En una carta enviada desde Annada años después
a un amigo, Isabelle descubre sus motivos: "Escribo porque
me gusta el proceso de creación literaria. Escribo como
amo, porque probablemente ese sea mi destino. Y es mi verdadero
consuelo".
Su gran proyecto, frustrado por su temprana muerte, era una novela
autobiográfica que tenía un nombre provisorio:
Trimardeur (Vagabundo).
En realidad, su vagabundaje comienza junto a su madre, en mayo
de 1897, cuando se dirigen a Bone, en el norte de Argelia. Allí
se abre una nueva y dramática etapa de su vida. Nathalie
e Isabelle viven en una casa modesta del barrio árabe
y se convierten al Islam. A los seis meses la madre muere de
un ataque al corazón y casi de inmediato se suicida su
hermanastro Wladimir. Las tendencias depresivas de Isabelle la
impulsan a una huida hacia adelante.
Se traslada a Argel, donde se esfuerza por captar el alma de cosas
y personas, empapándose de ellas, buscando confundirse
camaleónicamente con la gente y el paisaje. Y lo hace de
modo literal. Mientras bajo la luz del sol sumerje su condición
femenina en el fervor religioso, por las noches se traviste
y se funde en la barahúnda de los cafés de la casbah.
Ebria de kif, licor
o palabras, seduce a los hombres mediante su androginia.

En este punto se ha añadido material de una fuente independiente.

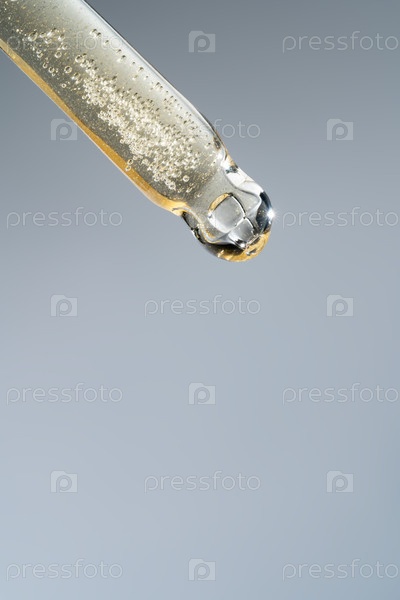 Пипетка с сывороткой, гелем, маслом или другим косметическим продуктом со падающей каплей. макроконвергенция
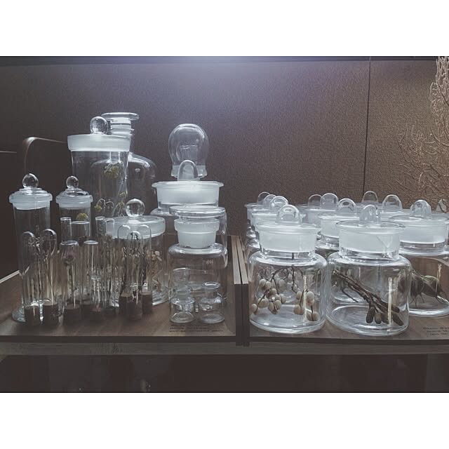 薬瓶やビーカー、原石の水晶のクラスター ・・・大好きな理系インテリアに(*ˊ˘ˋ*)♪
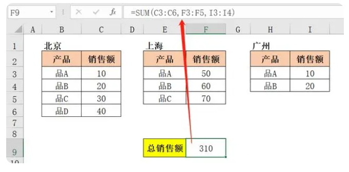 在F9单元格输入公式:=SUM(C3:C6,F3:F5,I3:I4)
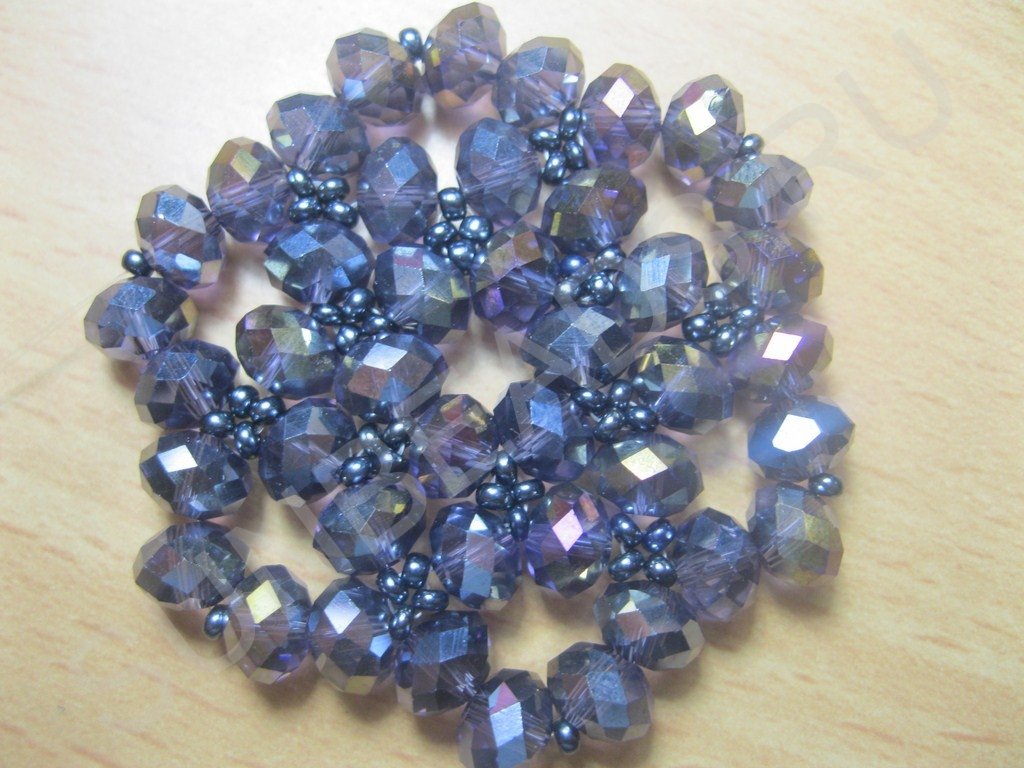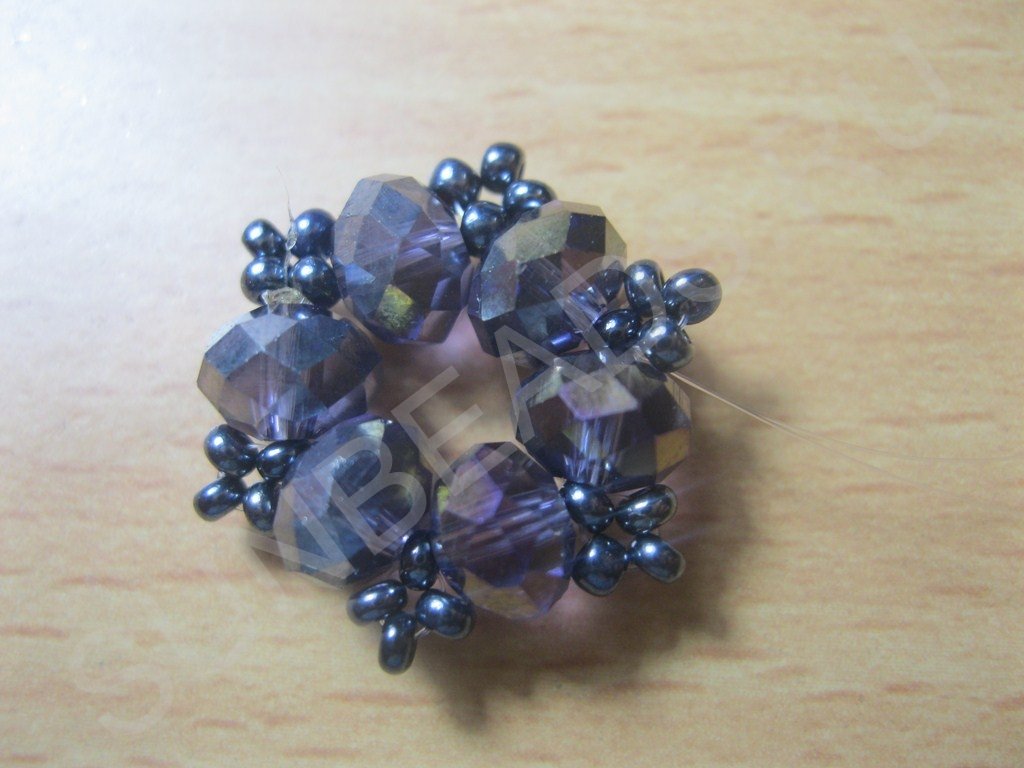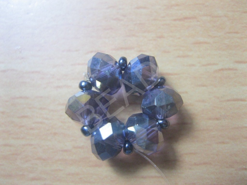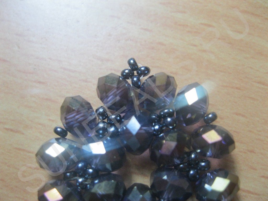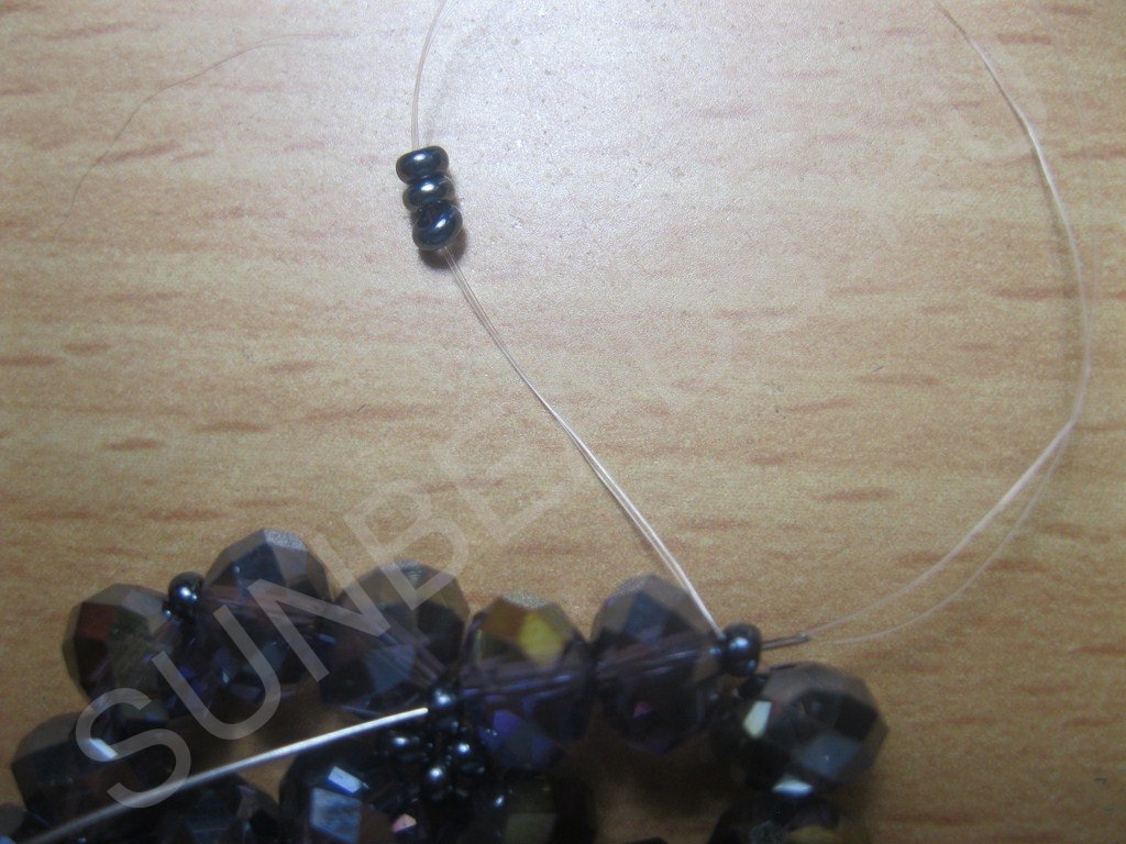 Набираем на нить бусины и бисер в следующем порядке: бусина+бисерина и так шесть пар:

En sus diarios dejará testimonio de aquellos días:
"¡Qué borracheras de amor
bajo aquel sol ardiente! Mi naturaleza también era ardiente
y la sangre me fluía con una rapidez febril por mis venas
infladas de pasión".
Isabelle viaja por los desiertos de Túnez deteniéndose
en Biskna, Touggourt, El Oued, Batna y los oasis del Suf. El
paisaje yermo actúa como bálsamo para su desasosiego.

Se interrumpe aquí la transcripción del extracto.